Мама грубовато вырывает у меня из рук полу своей шубы, которую ей было никак не застегнуть. По её нахмурившемуся лицу я понимаю, что она сердится.
– Оставайся! – заявляет она, и поворачивается к двери.
Я сержусь на неё – почему она меня не услышала?! – и снова хватаю за полу шубы.
– Отстань! Отстать! – скороговоркой бросает мне мама через плечо, и рвётся наружу.
От ужаса своего положения и того, что мама совершенно не прислушивается к моим мольбам, я начинаю реветь в голос, надеясь, что так она меня лучше услышит и, может быть, наконец-то поймёт, что я пытаюсь ей этим сказать:
– Ма-ма, я не хочу, чтобы ты уезжа-ла!!!
– Уеду, уеду! Уже опаздываю и так! – такой же скороговоркой бормочет моя мать себе под нос. Говорит она это не мне, а себе, отвечая не на мои не расслышанные ею по смыслу слова, а на свой внутренний диалог.

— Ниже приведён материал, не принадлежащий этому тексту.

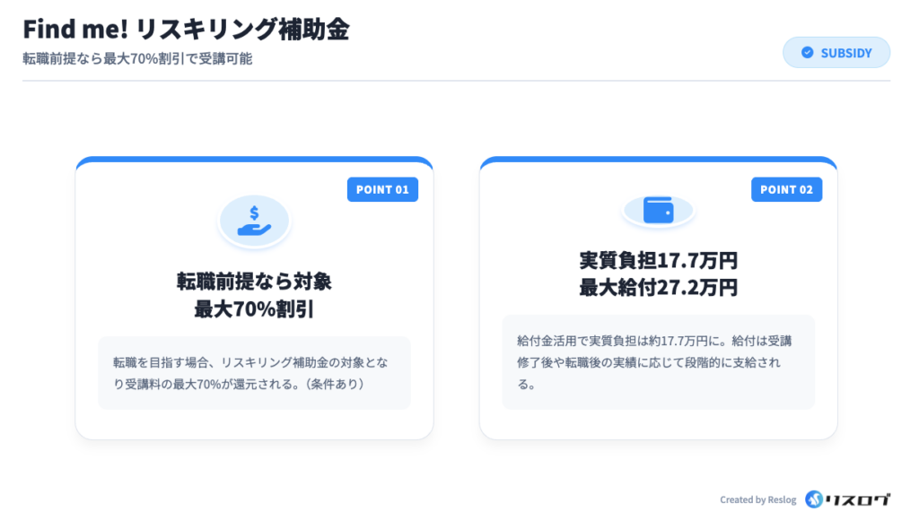 Find me!(ファインドミー)は、転職を前提として受講する場合にリスキリング補助金の対象となっており、受講料の最大70%が還元されます。
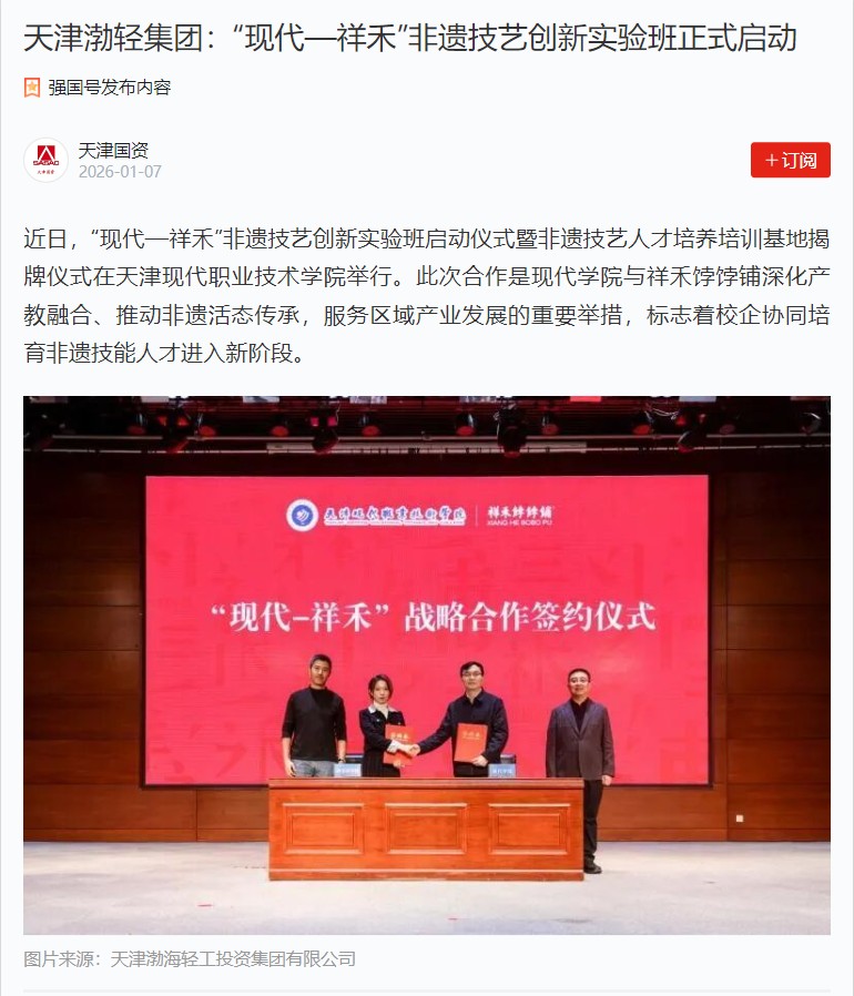 此次活动是职业教育与非遗传承深度融合的生动实践,也是校企协同育人的创新探索。未来,学院将与企业一道以实验班为纽带,持续深化产教融合,在非遗技艺传承、技术创新、人才培养等方面协同发力,让非遗文化薪火相传,为区域经济和产业发展贡献“现代—祥禾”力量。

– Мама, подержите её! – отрывисто говорит она появившейся на шум бабушке.
Бабушка в дверях презрительно охает, и тут же цепко хватает меня за руку. Мамина шуба сразу же ускользает из моих пальцев. Я изо всех сил тянусь снова к ней. Мне больно и плохо не ощущать в руках хотя бы кусочка маминой шубы. Но я больше не могу до неё дотянуться.
Когда моя мать захлопывает дверь перед самым моим носом, я уже безутешно реву.

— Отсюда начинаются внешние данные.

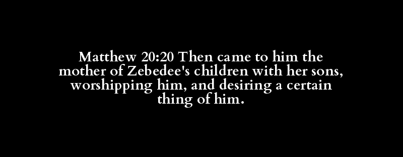 Matthew 20:20 Then came to him the mother of Zebedee's children with her sons, worshipping him, and desiring a certain thing of him.
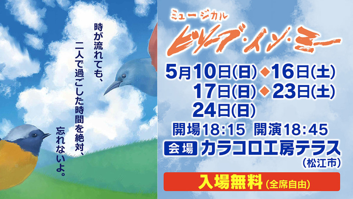 お問合せ:YUMEBANCHI(岡山)086-231-3531<平日12:00~17:00>(岡山・鳥取公演)
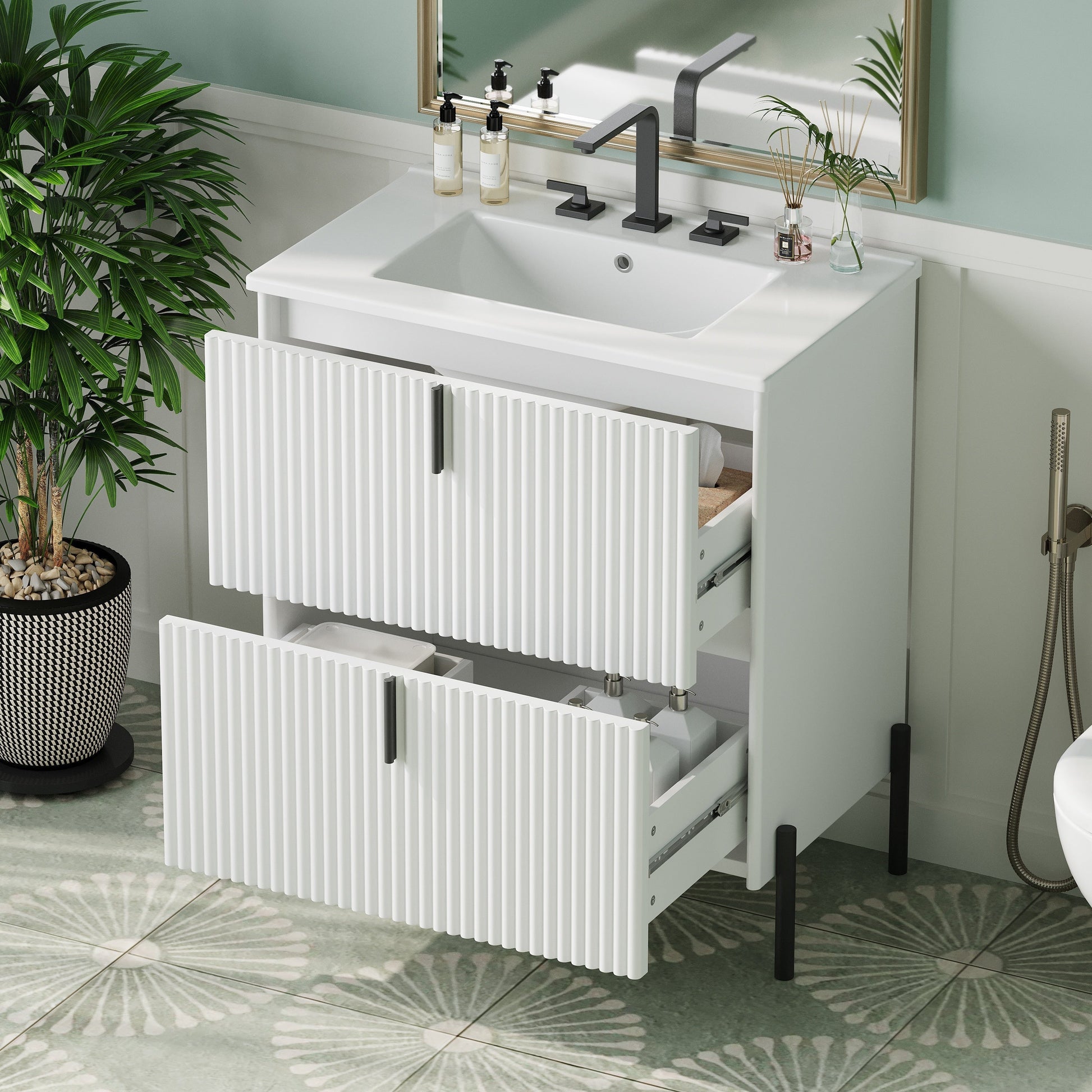 This white fluted bathroom vanity features a ceramic sink and soft-close drawers, designed to enhance both style and storage functionality in your bathroom space.

Увидев закрывшуюся дверь, бабушка тут же с отвращением отбрасывает от себя мою руку – отпускает меня.
– Не реви! Иди поиграй в игрушки! – приказывает она, и уходит на кухню.
Я утираю нос кулачком и, всё ещё всхлипывая, медленно плетусь в комнату.
Комната затоплена светом – здесь на удивление много окон и не теневая сторона, как у нас дома. Солнечный свет золотист, но он кажется мне холодным. Его острые лучи, попадая на мои руки, которые я к ним тяну, болезненно обжигают, будто бы проникая сквозь кожу – такие они яркие и прозрачные.
Мне становится больно, и я снова всхлипываю. Осмотревшись, я понимаю, что в комнате нет никаких игрушек, в которые мне приказала играть бабушка. Пытаясь выполнить её поручение, я обхожу огромную комнату по периметру (стараясь не попадать ногами в расстеленные по полу солнечные лучи), но так ничего и не нахожу.
Комната пуста. И хотя по периметру она обставлена шкафами, креслами и комодами, она кажется мне абсолютно пустой, как какой-нибудь амбар или ангар, потому что ни один предмет в ней не содержит признаков жизни. Все вещи покрыты слоем столетней пыли, а некоторые из них даже накрыты тряпками, как в нежилых опустевших комнатах, чьи жильцы уехали или умерли. Из-за пыли, или я даже не знаю, из-за чего, самые цветные предметы вроде огромного зелёного дивана имеют вполне различимый монотонно-серый оттенок, с серо-бурыми и серо-рыжими деревянными кубами и прямоугольниками наравне.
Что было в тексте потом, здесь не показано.